Pandas Confidence Interval

Now with quantiles for the sigmas and using the trace.

This makes it possible to plot the dependence between free and fixed.

conf_interval2d(minimizer, result, x_name, y_name, nx=10, ny=10, limits=None, prob_func=None)

Calculates confidence regions for two fixed parameters.

The method is explained in conf_interval: here we are fixingtwo parameters.

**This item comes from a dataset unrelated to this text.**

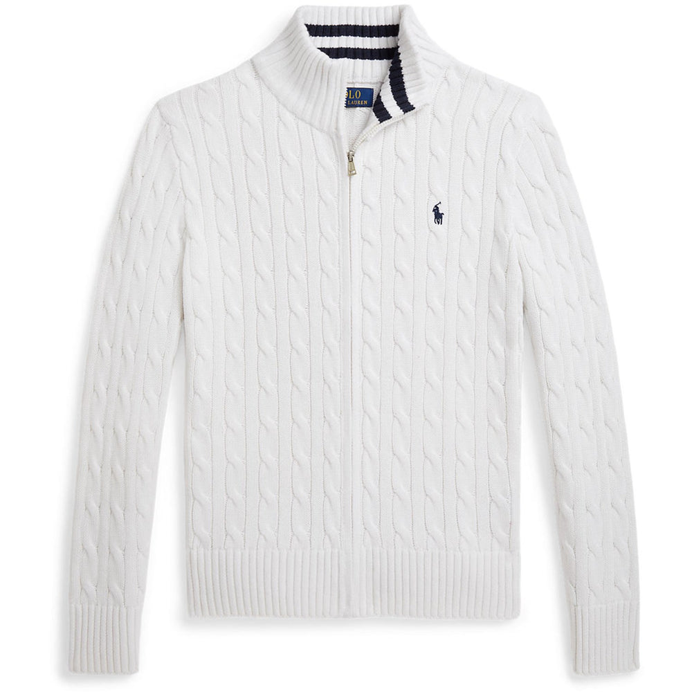 Denna Polo Ralph Lauren-cardigan i vitt är det perfekta tillägget till barnens garderob. Tillverkad i mjuk, hållbar bomull och designad med en stilren hel dragkedja, erbjuder den både komfort och lättanvändlighet. Dess klassiska design med diskret logotyp kombinerar funktionalitet med en tidlös stil. Perfekt för svala dagar eller som ett mysigt lager under jackan. Lätt att sköta om och kan maskintvättas. Material: 100% Bomull

Plot 95 Confidence Interval Python
Parameters:
  • minimizer (Minimizer) – The minimizer to use, holding objective function.
  • result (MinimizerResult) – The result of running minimize().
  • x_name (string) – The name of the parameter which will be the x direction.
  • y_name (string) – The name of the parameter which will be the y direction.
  • ny (nx,) – Number of points.
  • limits (tuple: optional) – Should have the form ((x_upper, x_lower),(y_upper, y_lower)). If notgiven, the default is 5 std-errs in each direction.
Returns:
  • x ((nx)-array) –x-coordinates
  • y ((ny)-array) –y-coordinates
  • grid ((nx,ny)-array) –grid contains the calculated probabilities.

Plot 95 Confidence Interval Pythonerval Python

Examples

Other Parameters:
prob_func (None or callable) –Function to calculate the probability from the optimized chi-square.Default (None) uses built-in f_compare (F test).
ci_report(ci, with_offset=True, ndigits=5)

Plot 95 Confidence Interval Python Recursive

return text of a report for confidence intervals

Parameters:
  • with_offset (bool (default True)) – whether to subtract best value from all other values.
  • ndigits (int (default 5)) – number of significant digits to show
Returns:
Return type:

text of formatted report on confidence intervals.